───── DATA ─────
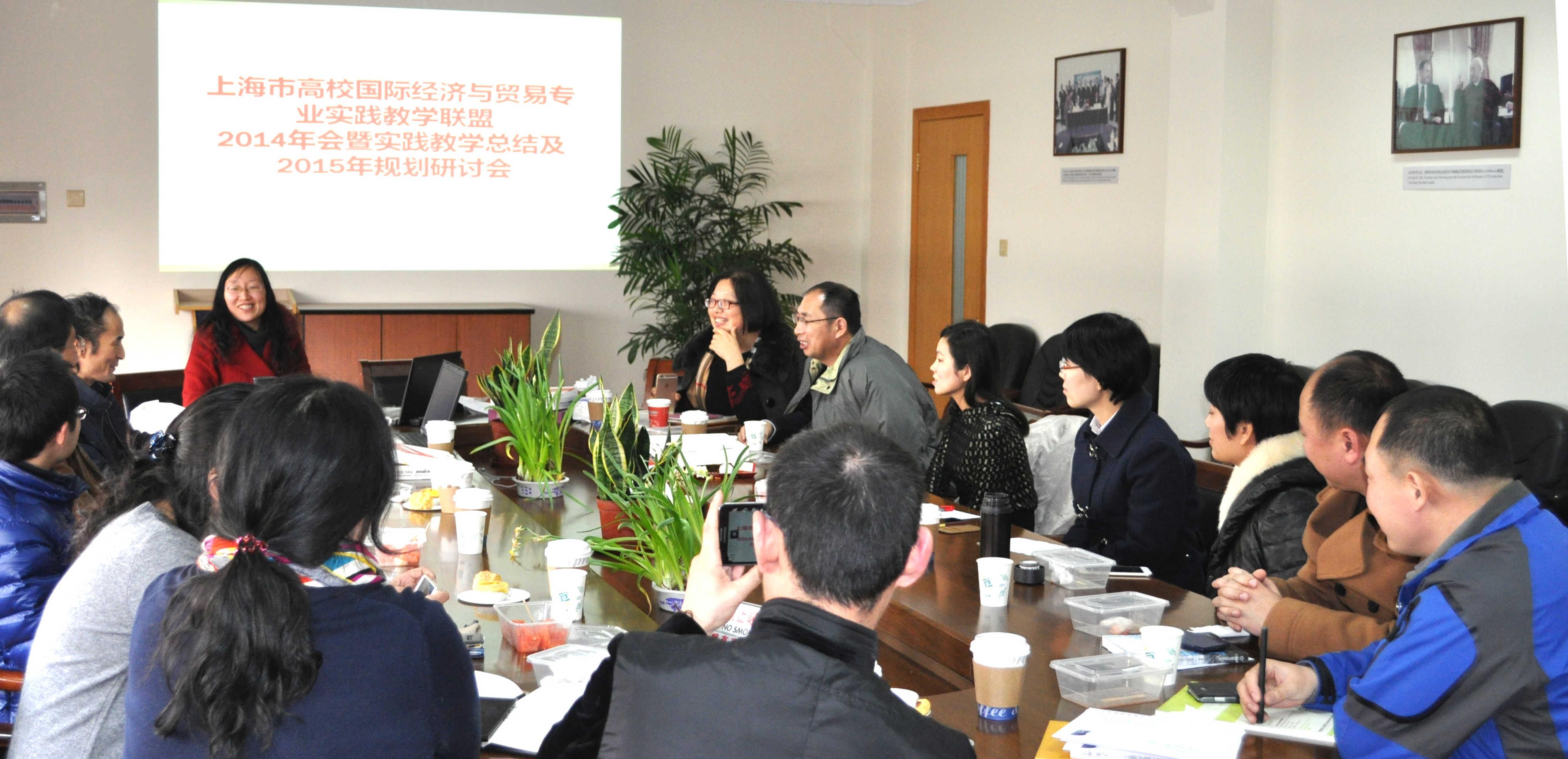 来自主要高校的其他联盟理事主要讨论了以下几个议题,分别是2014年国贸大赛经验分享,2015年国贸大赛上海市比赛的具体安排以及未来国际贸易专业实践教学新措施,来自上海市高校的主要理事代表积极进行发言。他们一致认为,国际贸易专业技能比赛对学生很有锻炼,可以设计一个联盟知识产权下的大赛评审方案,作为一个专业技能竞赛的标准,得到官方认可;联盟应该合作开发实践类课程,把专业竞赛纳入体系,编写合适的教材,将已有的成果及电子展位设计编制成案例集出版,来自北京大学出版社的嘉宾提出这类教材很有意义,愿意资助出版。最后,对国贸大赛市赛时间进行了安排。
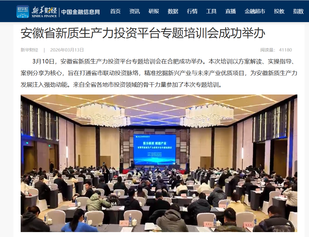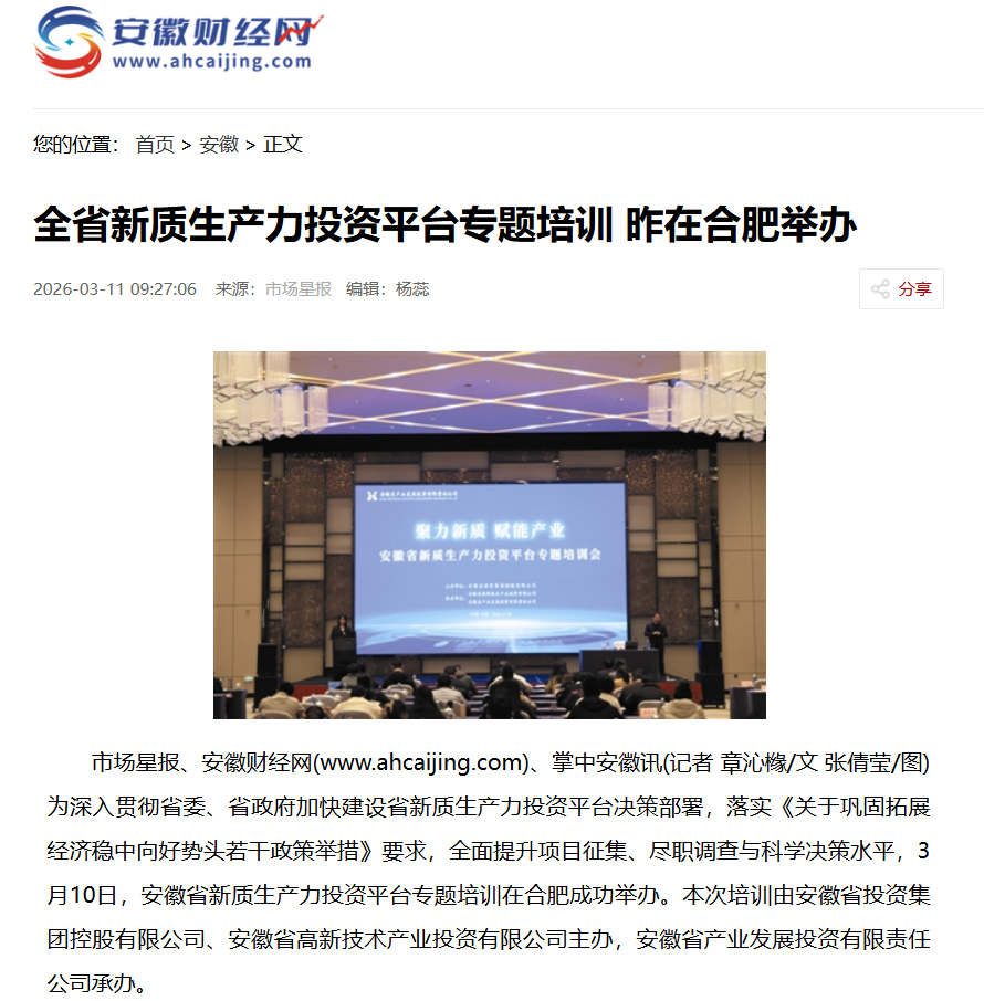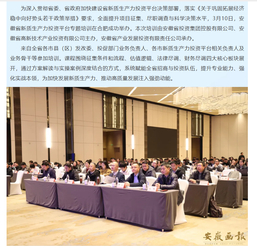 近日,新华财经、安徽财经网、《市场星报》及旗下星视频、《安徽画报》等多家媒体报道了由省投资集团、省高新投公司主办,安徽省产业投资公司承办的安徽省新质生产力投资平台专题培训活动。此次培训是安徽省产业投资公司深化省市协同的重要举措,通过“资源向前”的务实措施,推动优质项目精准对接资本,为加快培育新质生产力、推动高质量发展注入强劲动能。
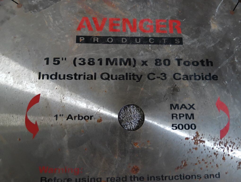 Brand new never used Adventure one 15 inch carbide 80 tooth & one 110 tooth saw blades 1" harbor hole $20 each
─────
• HOW TO COMPLETE THIS TASK:
Your reply should restate the data above word for word and contain no pictures.

• REPLY TO THE EXERCISE:
 来自主要高校的其他联盟理事主要讨论了以下几个议题,分别是2014年国贸大赛经验分享,2015年国贸大赛上海市比赛的具体安排以及未来国际贸易专业实践教学新措施,来自上海市高校的主要理事代表积极进行发言。他们一致认为,国际贸易专业技能比赛对学生很有锻炼,可以设计一个联盟知识产权下的大赛评审方案,作为一个专业技能竞赛的标准,得到官方认可;联盟应该合作开发实践类课程,把专业竞赛纳入体系,编写合适的教材,将已有的成果及电子展位设计编制成案例集出版,来自北京大学出版社的嘉宾提出这类教材很有意义,愿意资助出版。最后,对国贸大赛市赛时间进行了安排。
 近日,新华财经、安徽财经网、《市场星报》及旗下星视频、《安徽画报》等多家媒体报道了由省投资集团、省高新投公司主办,安徽省产业投资公司承办的安徽省新质生产力投资平台专题培训活动。此次培训是安徽省产业投资公司深化省市协同的重要举措,通过“资源向前”的务实措施,推动优质项目精准对接资本,为加快培育新质生产力、推动高质量发展注入强劲动能。
 Brand new never used Adventure one 15 inch carbide 80 tooth & one 110 tooth saw blades 1" harbor hole $20 each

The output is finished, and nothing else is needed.